Process properties of the maximum of two independent linear Brownian motions

Question

Consider two independent linear Brownian motions $B'=(B'_t)_{t\geqslant0}$ and $B''=(B''_t)_{t\geqslant0}$, starting from $B'_0=B''_0=0$, and the process $X=(X_t)_{t\geqslant0}$ defined by $$X_t=\max\{B'_t,B''_t\}$$

What is known about the distribution of the process $X$?

The question is admittedly a little vague, hence we present a few remarks to help narrow it.

1. For each positive $t$, the PDF $f_t$ of $X_t$ is $$f_t(x)=2\varphi_t(x)\Phi_t(x)$$ where $\varphi_t$ and $\Phi_t$ are the centered normal PDF and CDF with variance $t$. Equivalently, $$f_t(x)=\frac2{\sqrt{t}}\varphi\left(\frac{x}{\sqrt{t}}\right)\Phi\left(\frac{x}{\sqrt{t}}\right)$$ where $\varphi$ and $\Phi$ are the standard normal PDF and CDF. In particular, $X$ is not a Brownian motion.

2. The process $X$ is a submartingale.

To show this in an elementary way, introduce the notations $B=(B',B'')$, and $\mathcal F^Y_t=\sigma(Y_s;s\leqslant t)$ for every time $t$ and every process $Y=(Y_t)_{t\geqslant0}$. Then, $X_t\geqslant B'_t$ almost surely hence, for every fixed $s<t$, $$E(X_t\mid \mathcal F^B_s)\geqslant E(B'_t\mid \mathcal F^B_s)=E(B'_t\mid \mathcal F^{B'}_s)=B'_s$$ By symmetry, $E(X_t\mid \mathcal F^B_s)\geqslant B''_s$ hence $E(X_t\mid \mathcal F^B_s)\geqslant X_s$. Finally, $\mathcal F^X_s\subseteq\mathcal F^B_s$ hence $$E(X_t\mid \mathcal F^X_s)=E(E(X_t\mid \mathcal F^B_s)\mid\mathcal F^X_s)\geqslant X_s$$ as desired.

3. The process $X$ is recurrent, in the sense that, for every $s$, almost surely, $$\sup_{t\geqslant s}X_t=+\infty\qquad\inf_{t\geqslant s}X_t=-\infty$$ Note that this implies that, for every nonnegative time $s$ and real number $x$, the sets of times $\{t\geqslant s\mid X_t=x\}$, $\{t\geqslant s\mid X_t\geqslant x\}$ and $\{t\geqslant s\mid X_t\leqslant x\}$ are all almost surely unbounded.

4. The process $X$ is (most probably) not Markov.

We did not write a full proof of this but the idea is that considering a (many-to-one) functional of a Markov process (these are often called hidden Markov models) usually destroys the Markov property. But one should beware that counterexamples exist, for example, $|B'|$ is Markov...

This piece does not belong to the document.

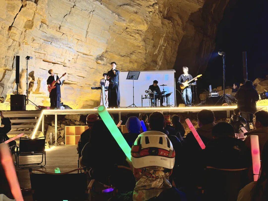 《平凡之路》的洒脱、《稻香》的治愈、《春风十里》的温柔……一首首耳熟能详的歌曲接连唱响,观众们一边挥舞着手中的荧光棒、一边轻声跟唱,歌声、光影与洞穴中湿润的空气交融在一起,酿成了独属于大溪沟的浪漫。

So, to begin with a precise question:

What would be a simple argument that $X$ is not a Markov process?

Answer 1

Some contributions.

MARGINAL DISTRIBUTION, MOMENTS and CONNECTIONS

Per clarification comments,

$$f_t(x)=2\phi_t(x)\Phi_t(x)=\frac 2 {\sqrt{t}}\phi(x/\sqrt{t})\Phi(x/\sqrt{t}) \tag{1}$$

This it the PDF of a Skew Normal distribution with location parameter $\xi=0 $, scale parameter $\sqrt{t}$ and shape (or "skew" or "slant") parameter $\alpha=1$.

Regarding moments, we have

$$\mathbb E(X_t) = \sqrt{\frac t{\pi}}, \;\;\; \text{Var}(X_t)= \left(1-\frac {1}{\pi}\right) \cdot t,\;\;\; \mathbb E(X_t^2) = t \tag{2}$$

while the skewness and kurtosis coefficients are the same for all $t$.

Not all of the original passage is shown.